What’s involved in creating one of our information resources? Well, how about 12 health professionals, one partner organisation, several patient reviewers and a designer. They all helped to create our latest resource: Find out about Your prostate, an Easy Read guide for men with learning disabilities.

The Easy Read booklet
We know that almost one in three adults over the age of 65 across England don’t have the literacy skills needed to understand health information – people with low literacy or learning disabilities, or people whose first language is not English.
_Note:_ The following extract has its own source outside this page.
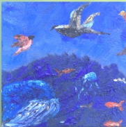
Fische und Vögel Renaturierung Wäster Warstein

Over 900,000 adults in England have learning disabilities and cancer accounts for 12-18 per cent of deaths in this population. As well as this about four out of every ten men over the age of 50 (40 per cent) and three out of four men in their 70s (75 per cent) have urinary symptoms that are caused by an enlarged prostate. Men of any age can be affected by prostatitis, but it’s most common in younger and middle aged men, typically between 30 and 50.

With these conditions affecting such a large proportion of the population, and since prostate cancer is the most common cancer in men, we believe no man should be unaware of the disease or unable to get information about it. So we decided to create a booklet to help these men understand the signs and symptoms of prostate disease and what to do if they spot anything unusual.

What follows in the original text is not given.